Opponents, including Dan Katz, a principal of RK Centers, a major retail landlord in the Town Center area, have claimed the effort to amend the comprehensive plan for the area is a veiled attempt to approve a mixed-use development called Infinity. The development would put 120 residential units and 220 hotel rooms just west of the Newport Beachside hotel at 16701 Collins Avenue.

In the last 18 months, the sole application for site-plan approval in Town Center has been submitted by the developer of Infinity. According to published reports, the developer is Global Property Investors Real Estate Group.

Sunny Isles Beach commissioners voted in December to postpone a decision on whether to approve the Infinity project – which led city officials to discover the errors in the comprehensive plan for Town Center, according to Mayor Scholl.Scholl dismissed claims that he supports amending the comprehensive plan to up-zone Town Center and win approval for the 17-story Infinity development.

“Maligning me over Infinity was a way to get people riled up,” he said Wednesday.
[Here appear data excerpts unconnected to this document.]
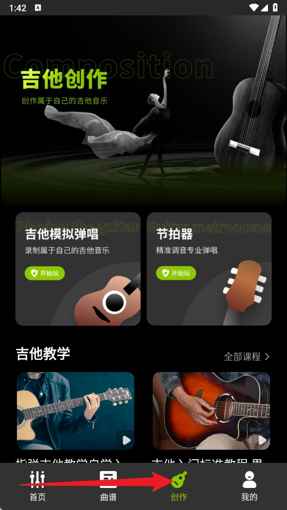 创作页面配备了吉他模拟弹唱与节拍器功能,助力用户进行音乐创作的个性化定制,同时增强演奏时的节奏感。
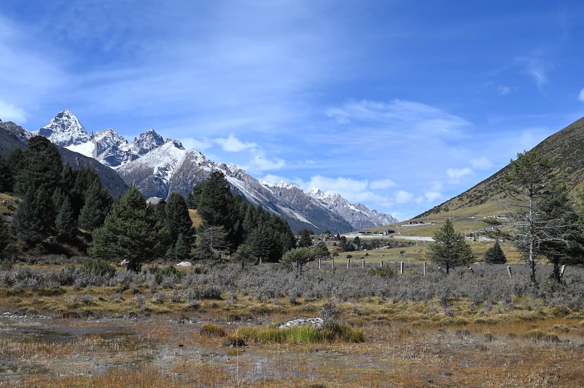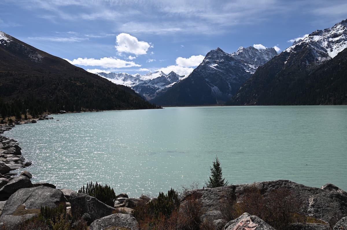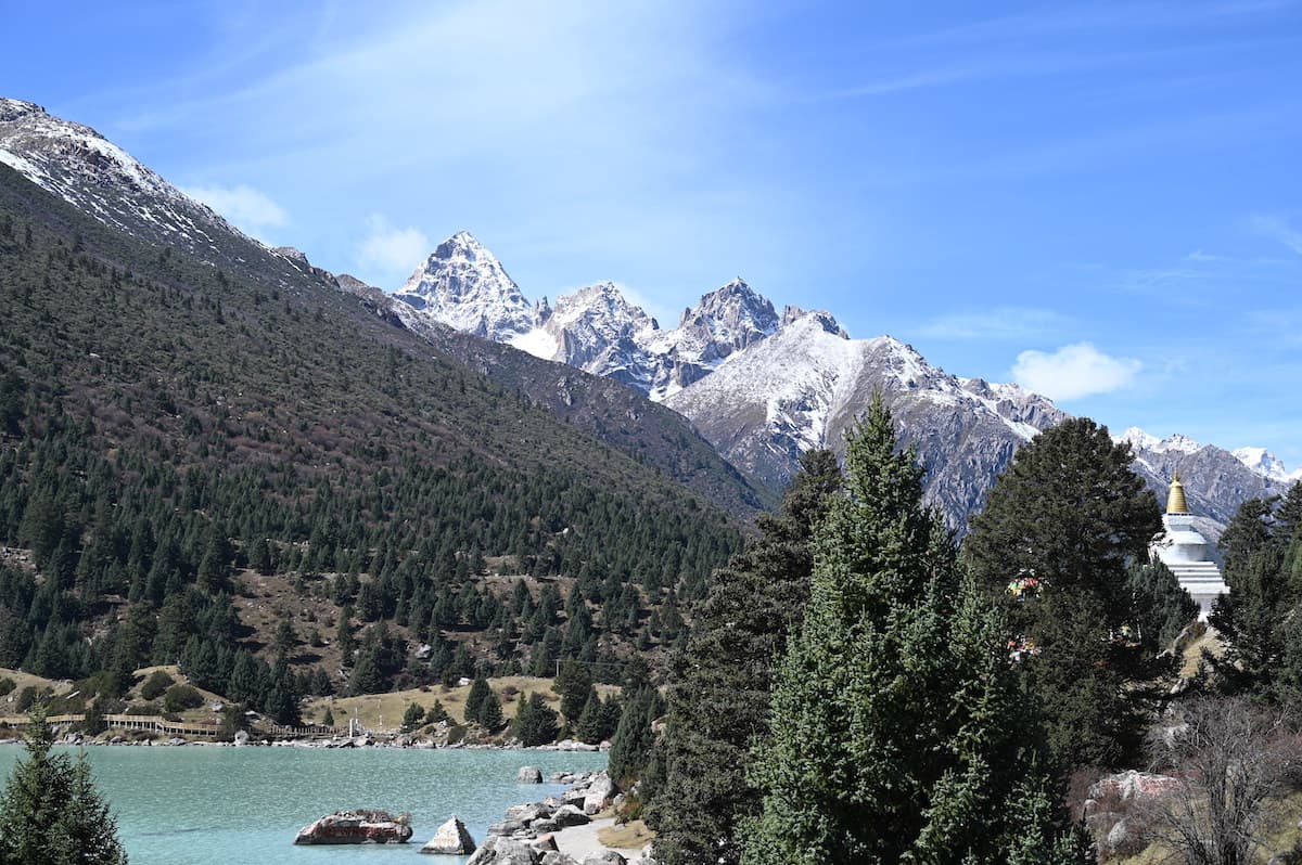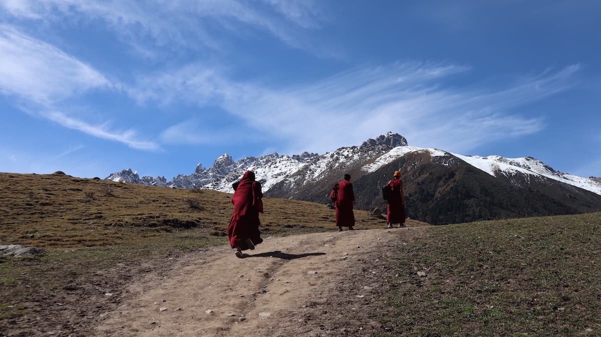 雀兒山口(峠)をさらに東に向かうとほどなく新路海という湖に着く。海抜4040mにある面積6.2㎢の氷河湖である。チベット語で玉龍拉措と呼ばれる。玉龍は心が清真、拉措は神湖を表す。湖水は四川省西部の雅礱江に流れ、やがて金沙江となり、さらに揚子江となる。湖の周囲には高原と雪山が拡がり、湖と川、雪山の美しく雄大な風景が見られた。紅色の僧衣を着た修行僧が三人、湖に向かって歩いていた。その向こうに雪山が見える絵のような風景に出あった。四川省西部では、よくそんな若い修行僧に出会う。僧衣が風になびきその向こうに美しい雪山が見える風景が旅愁を誘う。
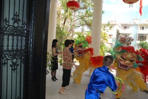 古巴武术学校师生精彩的舞狮表演,博得阵阵掌声。席间播放了《中国春节》及欢快的中国民乐,烘托了浓郁的节日气氛,把活动推向高潮。 |
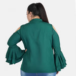 Generic Women's Casual Bell Sleeve Solid Green Top
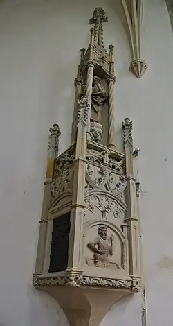 Naproti sanktuáriu je ve zdi kněžiště osazen pískovcový náhrobek Viléma z Ilburka, příbuzného mocného šlechtického rodu Zajíců, který vlastnil místní panství v letech 1438–1490. Je zdoben reliéfem rytíře v brnění s okřídlenou přilbou, mečem v pravici a nápisovou páskou v levici. Horní pás náhrobku je tvořen slepými čtyřlistými kružbami proloženými dvěma erby (na španělských štítech), ilburským a zajícovským.
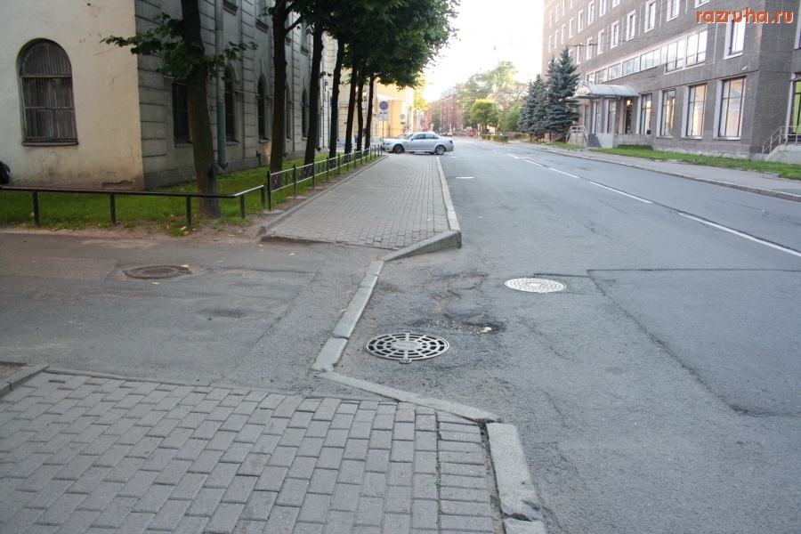 Я говорю про вот такие спуски, как здесь с плиточного тротуара. Пониже сделали, закатить что-то можно, если у тележки колёса большие, даже и не заметишь. А вот как ехать в коляске, я плохо представляю
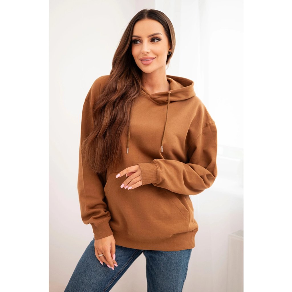 Dámska mikina s kapucňou a klokaním vreckom z bavlny camelová
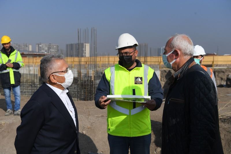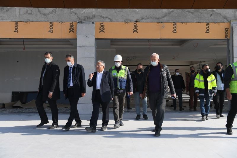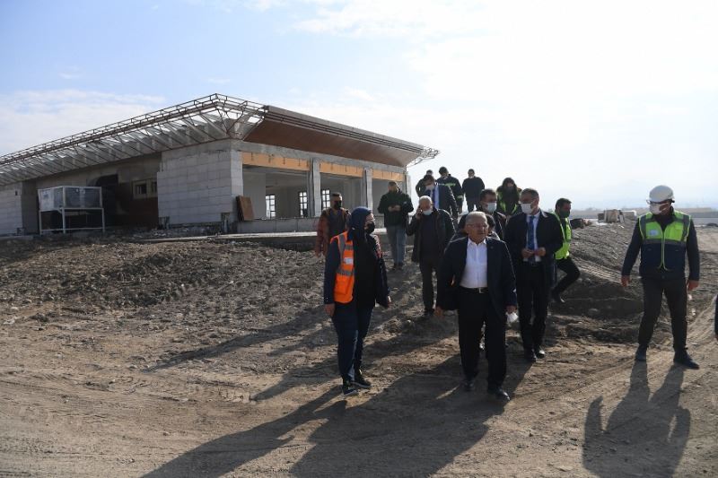 Kıraathane inşaatını gezen Büyükkılıç, Genel Sekreter Yardımcısı Hamdi Elcuman ve yüklenici firma yetkililerinden bilgiler aldı.
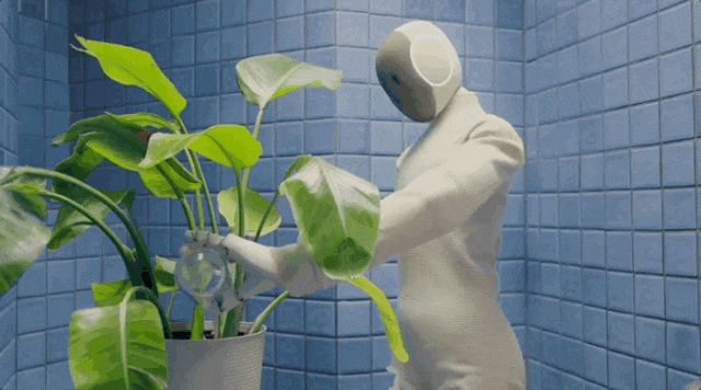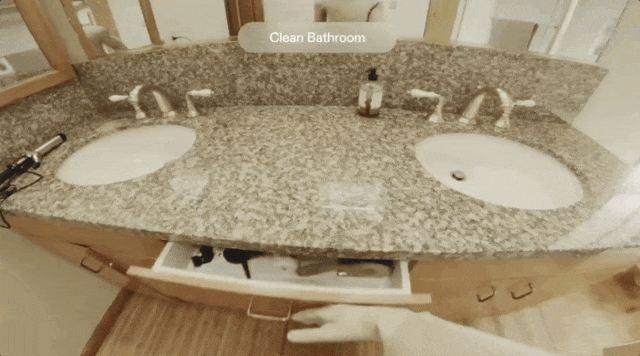 一个是,如果打扫卫生时把自己弄脏了,NEO会走到洗手池前,打开水龙头给自己“局部搓澡”:

Goldman, the only commissioner who voted against the moratorium, proposed an alternative action supported by Katz: a resolution to amend the zoning rules for Town Center in order to make them consistent with the comprehensive plan. But no commissioner seconded her motion to vote on the proposed resolution, which killed it.

To comply with state law, Sunny Isles Beach first must amend its comprehensive plan to make it consistent with zoning rules for Town Center, not change the zoning rules to make them consistent with the plan, according to city attorney Edward Dion.

Six buildings, including condominiums, have been completed in Town Center since 2011, and the owners could face financial problems if insurers or lenders determine that their properties fail to comply with a comprehensive plan that conforms to state law.

“If my mortgage company finds out I’m living in a building that doesn’t comply, I’m in trouble,” said John Galinos, who owns an apartment at 400 Sunny Isles, a condominium on 163rd Street. Galinos also told commissioners Wednesday night that he is worried his property insurer might deny claims for hurricane damage to his apartment if the insurer determines that 400 Sunny Isles is a non-conforming real estate development.

Mayor Scholl said a one-year moratorium on development in Town Center would allow ample time to correct flaws in the comprehensive plan and to identify a “special fix” for property owners in the same situation as Galinos.

But Katz, the principal of RK Centers, warned that Mayor Scholl and other commissioners could pay a political price if they support increased density and intensity for developments west of Collins Avenue.

Katz told commissioners at their July 18 meeting that “all of you ran your [election] campaigns on promising the residents that you will not allow the west side of Collins Avenue to look like the east side, and turn this into a concrete canyon.”